__STUDY MATERIAL__
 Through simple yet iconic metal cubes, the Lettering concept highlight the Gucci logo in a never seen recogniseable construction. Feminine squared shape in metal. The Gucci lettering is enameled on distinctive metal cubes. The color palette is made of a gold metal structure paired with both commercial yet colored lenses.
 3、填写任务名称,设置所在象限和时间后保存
...
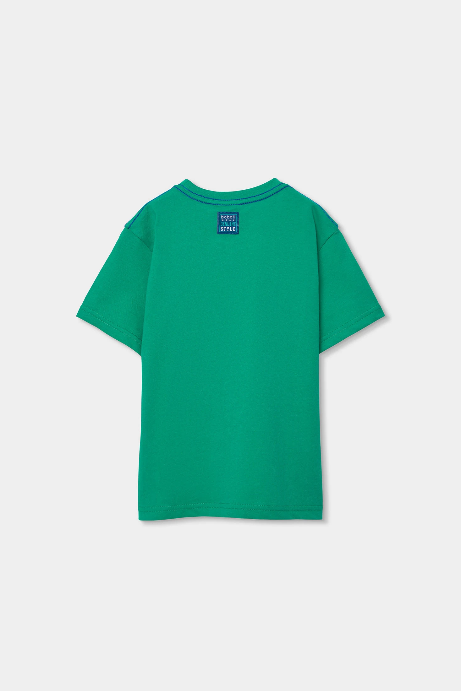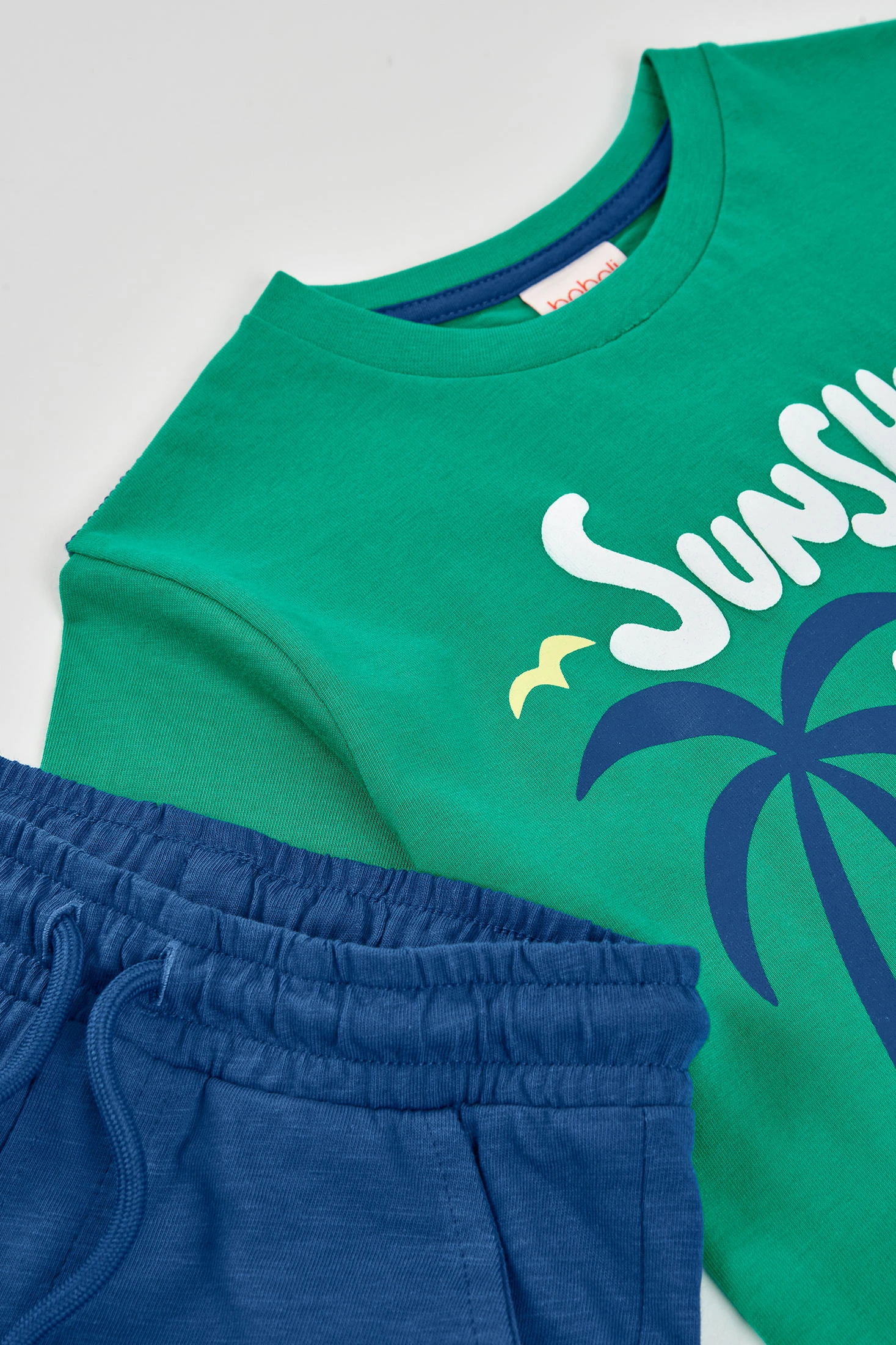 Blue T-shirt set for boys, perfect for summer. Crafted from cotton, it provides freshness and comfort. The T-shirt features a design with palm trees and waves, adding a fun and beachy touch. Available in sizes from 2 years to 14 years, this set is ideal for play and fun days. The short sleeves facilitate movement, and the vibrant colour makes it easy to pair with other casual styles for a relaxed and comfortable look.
==
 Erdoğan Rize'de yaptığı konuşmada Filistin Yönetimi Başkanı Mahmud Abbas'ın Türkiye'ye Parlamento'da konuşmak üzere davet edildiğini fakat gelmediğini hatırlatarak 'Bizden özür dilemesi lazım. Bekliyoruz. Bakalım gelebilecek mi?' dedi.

__WHAT THE TASK REQUIRES__
Give back precisely the lines above that start at the line containing "Through simple yet" and end at the line containing "3、填写任务名称,设置所在象限和时间后保存", inclusive. No other lines belong in the output.

__FINISHED EXERCISE__
 Through simple yet iconic metal cubes, the Lettering concept highlight the Gucci logo in a never seen recogniseable construction. Feminine squared shape in metal. The Gucci lettering is enameled on distinctive metal cubes. The color palette is made of a gold metal structure paired with both commercial yet colored lenses.
 3、填写任务名称,设置所在象限和时间后保存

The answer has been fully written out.